Additionally, secrecy is a form of risk management. There are many things that can tank a deal, including public scrutiny, unplanned attrition, and client turnover. Imagine that your clients have formed a close bond with you and your design team, and recognize the benefits of working with a small group that they trust. What will happen when you become part of a larger group? Will they lose the personalized attention they receive? Will your rates change? Will they have to work with new leaders, and re-establish a working cadence? Clients may decide that the risk isn’t worth it, and they may choose to move on or change their minds about future contract commitments. That’s a problem for your revenue planning, and that’s a problem for your valuation.
Secrecy also limits the anxiety within your team. Change can be scary, particularly change that might impact quality of life and compensation. They’ll have questions, but for a good part of the process, you won’t have answers to give them. That sort of ambiguity, on top of the already ambiguous nature of creative problem solving, can be really overwhelming, and in addition to the stress it will cause, it may directly lead to people leaving.
If you keep the process private, there’s an unfortunate reality you’ll have to face when the process becomes public: people will feel that they’ve been left out of something important (they have!) and didn’t get to voice their opinions (they haven’t!), and so it’s highly likely that you’ll lose trust from some of the team members. People who have been at your company for a long time will feel particularly disappointed and ignored, and people in leadership will start to question what being a leader at your company actually means, if they don’t get to help make big strategic decisions like this.
Several of the people I spoke with described ways they handled this disappointment or feelings of being left out. Perhaps the most common is through providing financial incentives to stay. This form of retention bonus is typically offered to employees at the end of their first year post-acquisition, but might extend even further than that. And often, these bonuses can be extremely large, even approaching their entire yearly salary. We’ll talk more about the mechanics of retention agreements later, but suffice to say that the money can be a good incentive, but many creative people value other things even more than financial incentive. What about their role and impact? What about their autonomy? And what about the culture of the company? It’s hard to ensure that these won’t change, or will change for the better, particularly when you don’t actually know that’s true. No one I spoke with had a good solution for this problem, other than being honest and direct about intention.
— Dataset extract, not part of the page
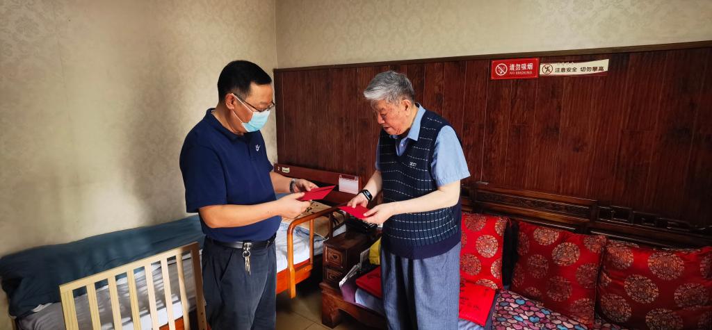 88歲的老黨員、老專家、老領導李士倫,離休后熱心關心下一代工作,牽頭成立“師愛獎學金”,堅持為青年學生講黨課,為青年師生分享人生感悟。幾年前,他妻子身患阿爾茨海默病,完全喪失認知能力,夫妻二人居住在養老院,每月固定支出費用2萬元。在此情況下,他毅然出售一套住房,于2022年9月向“師愛獎學金”捐資50萬元。在他們入住的老年公寓,離退休黨委書記吳本元、離退休工作處處長侯忠建與他親切交談,仔細詢問日常起居、健康狀況、子女情況,對他在關心下一代工作中的突出事跡表示敬仰,向他送上慰問金,祝愿他們健康長壽。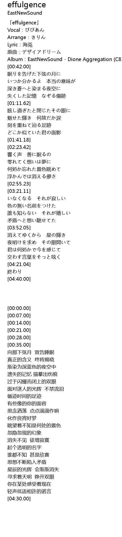 | [00:35.00] | Album:EastNewSound - Dione Aggregation (C81) |

Another way that founders managed the potential lack of trust as a result of secrecy was to open a decision-making inner circle slowly, but still prior to the acquisition. Sue and Alan Cooper broadened the set of people who knew about a potential acquisition before the deal was done. Sometimes, a buyer may actually ask for this, because they want to interview the extended leadership team. Often, this is because they are looking for a group who can manage the team if you, as an executive, were to leave.
Still another way to manage this was to abdicate a large portion of the deal to the next level of leadership, as Chris Conley explained. This certainly signals trust and a belief in the team’s ability to execute. Of course, it also means that the team may do things you don’t agree with. That’s a leap that many founders aren’t willing to take. This also signals to the buyer that you may not be fully investing in sticking around when the deal is over, which might not be your intention.